Start of Data for this task

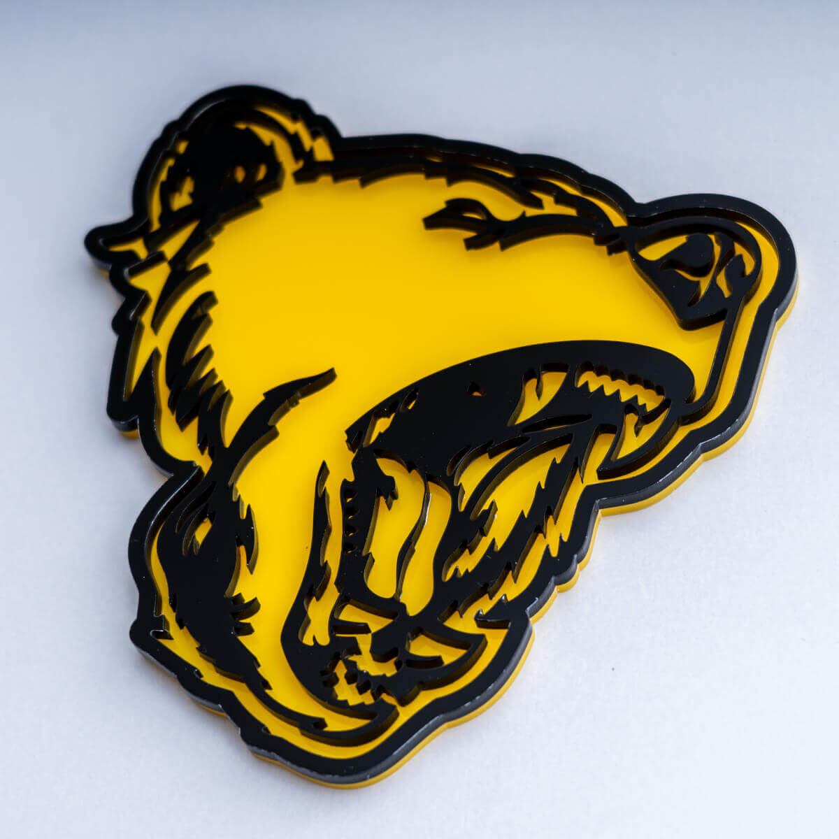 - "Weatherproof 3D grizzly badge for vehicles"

End of Data for this task
Start of Data for this task

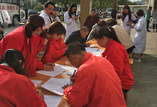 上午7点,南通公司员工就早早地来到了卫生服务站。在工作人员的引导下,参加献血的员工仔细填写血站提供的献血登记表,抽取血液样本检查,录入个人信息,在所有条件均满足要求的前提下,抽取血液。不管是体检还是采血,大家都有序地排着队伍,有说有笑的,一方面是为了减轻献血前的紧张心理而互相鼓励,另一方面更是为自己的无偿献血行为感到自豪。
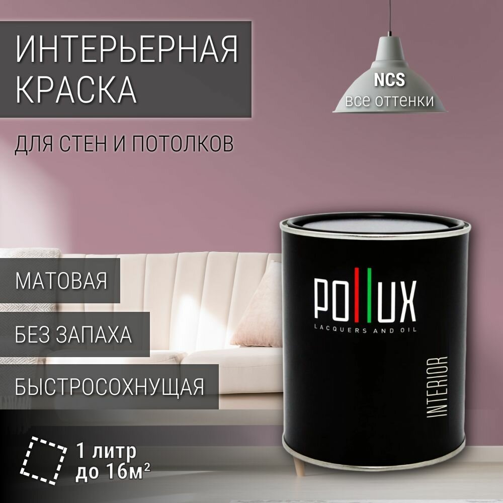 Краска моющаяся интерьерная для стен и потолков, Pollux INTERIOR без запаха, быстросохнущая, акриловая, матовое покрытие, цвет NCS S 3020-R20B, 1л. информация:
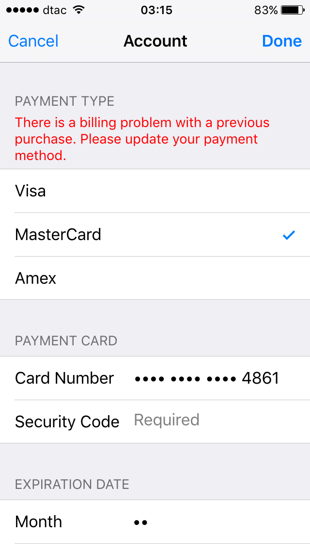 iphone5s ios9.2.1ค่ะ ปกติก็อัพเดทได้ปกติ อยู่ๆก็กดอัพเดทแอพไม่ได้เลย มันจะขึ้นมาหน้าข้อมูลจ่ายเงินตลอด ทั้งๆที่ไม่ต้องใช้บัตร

End of Data for this task

= What you have to do =
Print, exactly and with no pictures, the lines of the listing above starting at the one that has "上午7点,南通公司员工就早早" and ending at the one that has "iphone5s ios9.2.1ค่ะ ปกติก็อัพเดทได้ปกติ", both included.

= Result =
 上午7点,南通公司员工就早早地来到了卫生服务站。在工作人员的引导下,参加献血的员工仔细填写血站提供的献血登记表,抽取血液样本检查,录入个人信息,在所有条件均满足要求的前提下,抽取血液。不管是体检还是采血,大家都有序地排着队伍,有说有笑的,一方面是为了减轻献血前的紧张心理而互相鼓励,另一方面更是为自己的无偿献血行为感到自豪。
 Краска моющаяся интерьерная для стен и потолков, Pollux INTERIOR без запаха, быстросохнущая, акриловая, матовое покрытие, цвет NCS S 3020-R20B, 1л. информация:
 iphone5s ios9.2.1ค่ะ ปกติก็อัพเดทได้ปกติ อยู่ๆก็กดอัพเดทแอพไม่ได้เลย มันจะขึ้นมาหน้าข้อมูลจ่ายเงินตลอด ทั้งๆที่ไม่ต้องใช้บัตร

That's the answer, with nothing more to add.